**AVAILABLE DATA**
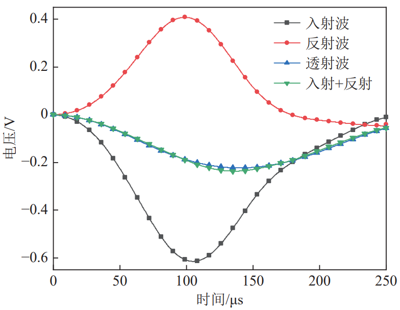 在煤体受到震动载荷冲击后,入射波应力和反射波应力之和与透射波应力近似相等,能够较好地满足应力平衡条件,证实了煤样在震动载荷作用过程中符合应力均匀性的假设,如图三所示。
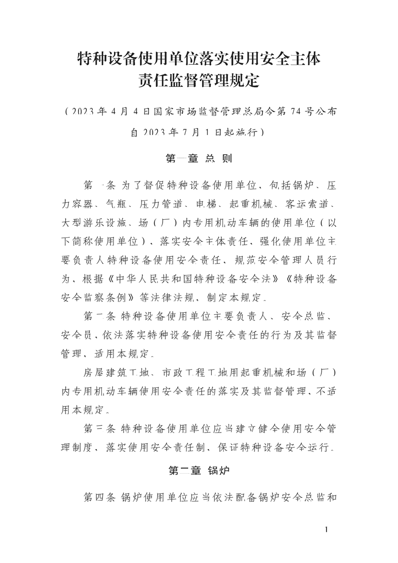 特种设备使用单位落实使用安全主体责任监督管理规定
...
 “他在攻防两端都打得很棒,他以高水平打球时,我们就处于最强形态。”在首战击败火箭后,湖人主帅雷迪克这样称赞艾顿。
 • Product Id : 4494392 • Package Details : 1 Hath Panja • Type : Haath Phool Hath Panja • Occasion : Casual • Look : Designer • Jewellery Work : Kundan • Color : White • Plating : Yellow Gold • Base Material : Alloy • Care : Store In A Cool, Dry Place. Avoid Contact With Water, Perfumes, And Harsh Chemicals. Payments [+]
==
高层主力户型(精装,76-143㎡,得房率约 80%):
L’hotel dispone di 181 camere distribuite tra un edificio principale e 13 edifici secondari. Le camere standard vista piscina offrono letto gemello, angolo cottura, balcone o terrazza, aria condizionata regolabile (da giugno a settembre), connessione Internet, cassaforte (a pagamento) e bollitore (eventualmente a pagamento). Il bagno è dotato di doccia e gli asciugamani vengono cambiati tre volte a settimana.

**EXERCISE DESCRIPTION**
Would you copy out, exactly and with no pictures, only the lines above from the one that contains "在煤体受到震动载荷冲击后,入" through the one that contains "特种设备使用单位落实使用安全主体责任监督管理规定"?

**WRITTEN REPLY**
 在煤体受到震动载荷冲击后,入射波应力和反射波应力之和与透射波应力近似相等,能够较好地满足应力平衡条件,证实了煤样在震动载荷作用过程中符合应力均匀性的假设,如图三所示。
 特种设备使用单位落实使用安全主体责任监督管理规定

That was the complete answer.